Background: In short, the search giant is looking to expand the latest innovations in web development into web browsers themselves while also extending the capabilities of web applications. All of that, according to the company, will help enrich the lives of users and the opportunities available to developers. But the news isn't necessarily arriving out of nowhere. Prior to this, the company has spent a substantial amount of resources and effort in preparing its browser for precisely these types of changes. Those have taken the form of new best practices guidelines, optimizations to the Chrome browser, and other steps taken to gradually increase the speed and overall performance of Chrome. Beyond that, it has additionally made efforts to reduce the overall forbearance of Chrome's UI, implemented new API for better fullscreen support, and made other tweaks to ensure that websites can already – at least outwardly – act like applications.

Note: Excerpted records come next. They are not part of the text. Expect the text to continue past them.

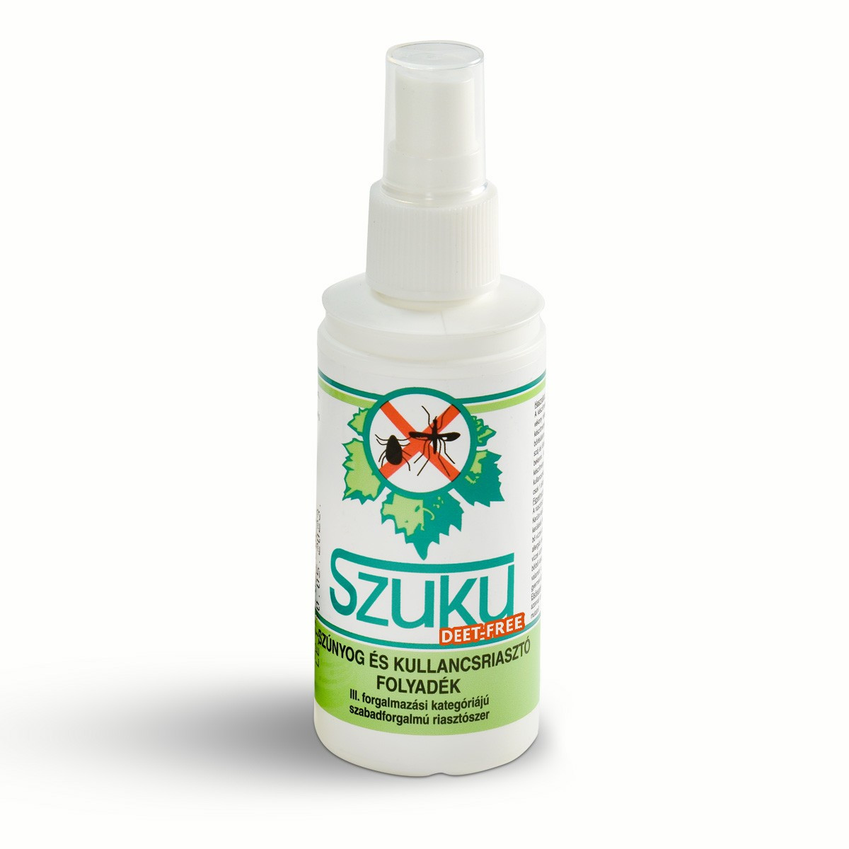 Спрей против комари и кърлежи Szuku Deet-Free е 100% натурален продукт на растителна основа. Продуктовата линия Szuku Deet-Free е перфектна, ако не и по-добра алтернатива на синтетичните репеленти за насекоми. Течността може да се използва против комари и кърлежи като се пръска върху кожата и дрехите, за да осигури дълготрайна защита дори в зони с висок риск срещу кръвосмучещи комари, кърлежи и други летящи и хапещи насекоми (различни видове мухи, земни пиявици и др.).
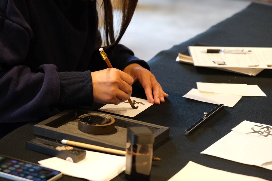 後半はいよいよ、ならまち書道サロン「ただいま」様による書道体験です。講師にお迎えした坂本先生の温かく丁寧な指導のもと、会場は墨の心地よい香りに包まれました。
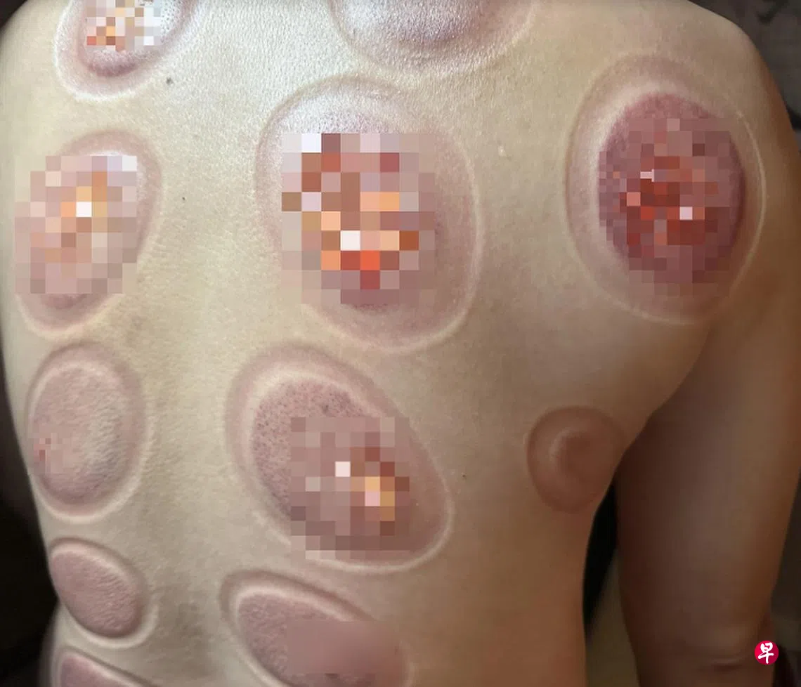 狮城男称到新山商场按摩,签配套做护理,岂料拔罐后,背部满是水泡,前后花了800元治疗。
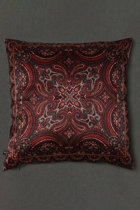 Red square-shaped cushion with embroidered motifs and sequin work in front.
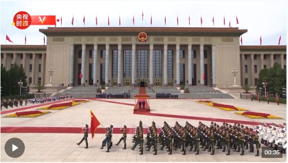 5月16日上午,國家主席習(xí)近平在北京人民大會堂東門外廣場舉行儀式,歡迎俄羅斯總統(tǒng)普京訪華。
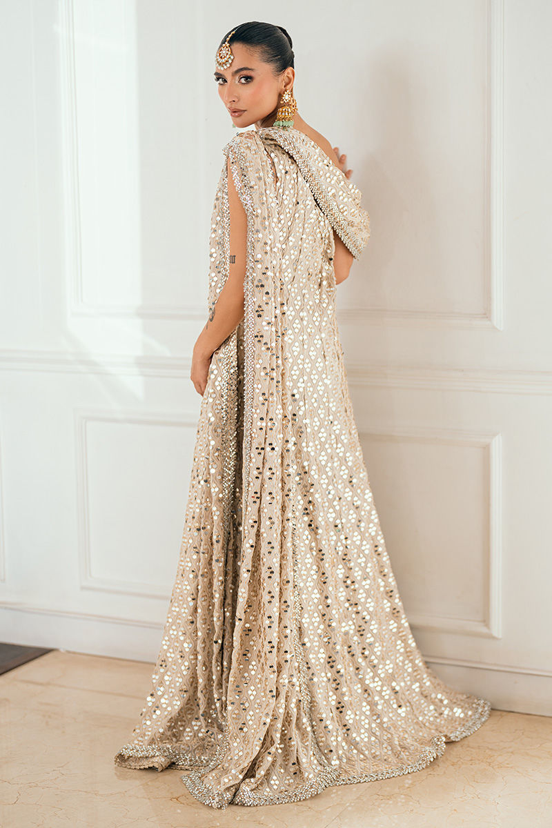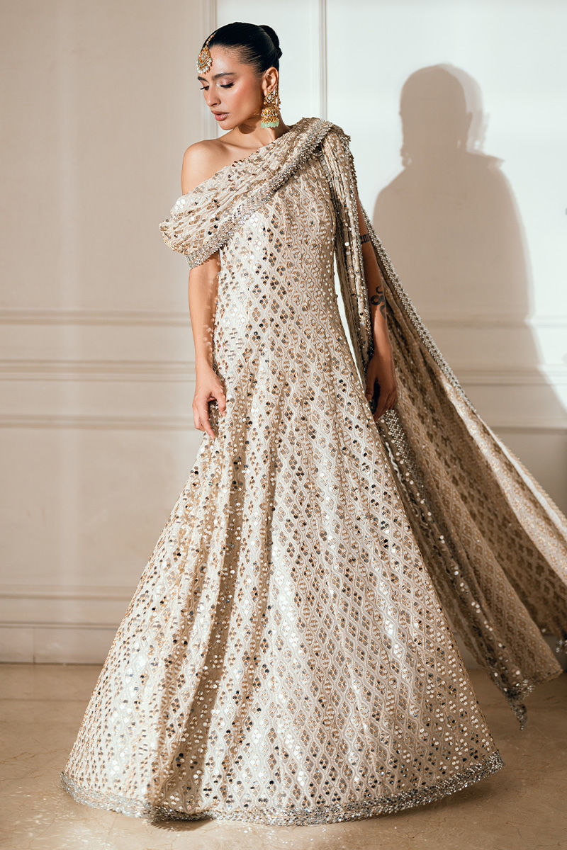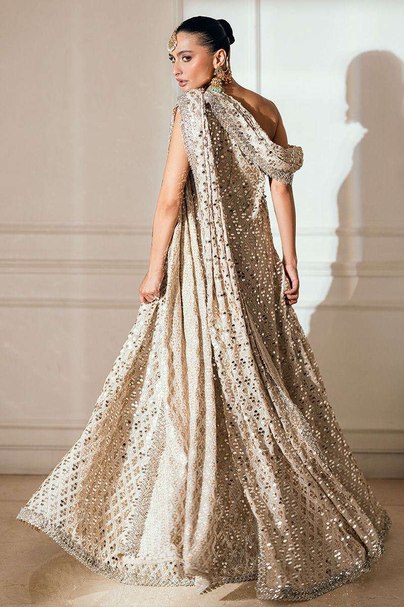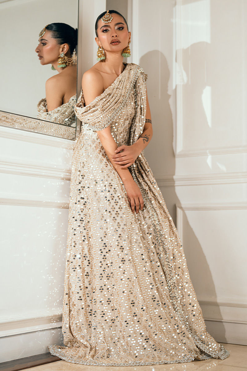 Laleh is a graceful chiffon peshwas adorned with intricate thread zara embroidery and foil work all over, complemented by a mirror-worked border on the damaan and dupatta. The dupatta is attached to the shirt, creating a seamless and elegant silhouette that exudes sophistication.

Impact: The new capabilities will allow users to have web-based experiences that enable interactions much more similar to those experienced with a smartphone app or software installed on a more traditional computer. That's good news for many internet users but could have the biggest impact on Chrome OS users, given the still somewhat lacking functionality in terms of software that a not-insignificant number of users still need. For example, full photo editing applications could become a possibility, as could other creative tools and editors that are not yet up-to-expectations on the platform. Moreover, such web apps would almost certainly lend themselves to filling out another Google OS that's currently under development. With that said, none of the new features are quite finished yet, there's no guaranteed timeframe for any of this to be implemented, and there are still concerns about privacy to address as well. In the meantime, Google is looking for feedback now and throughout the process, with new projects appearing in the Chromium bug database under the tag 'proj-fugu'.